START INFORMATION SHOWN
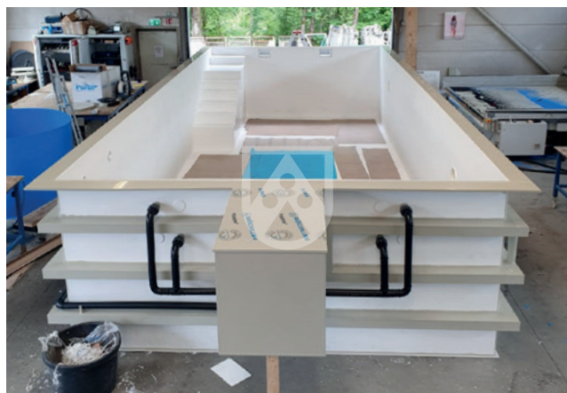
Swimmingpool in rechteckiger Ausführung mit Platten aus Polystone® P PG, Bild: Klees & Fröhlich GmbH
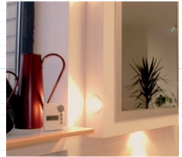
Profil Flansch kombiniert mit integrierter Beleuchtung.
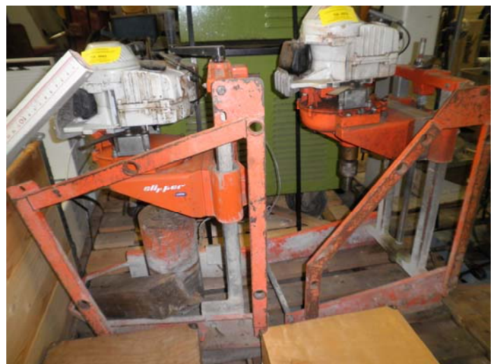
Pos. 0003 + 0004

Irrtümer und Aussonderung von Fremdrechten vorbehalten!
END INFORMATION SHOWN
▶ YOUR INSTRUCTIONS
Dropping every picture, restate the material word for word.

▶ THE COMPLETED TASK
Swimmingpool in rechteckiger Ausführung mit Platten aus Polystone® P PG, Bild: Klees & Fröhlich GmbH
Profil Flansch kombiniert mit integrierter Beleuchtung.
Pos. 0003 + 0004

Irrtümer und Aussonderung von Fremdrechten vorbehalten!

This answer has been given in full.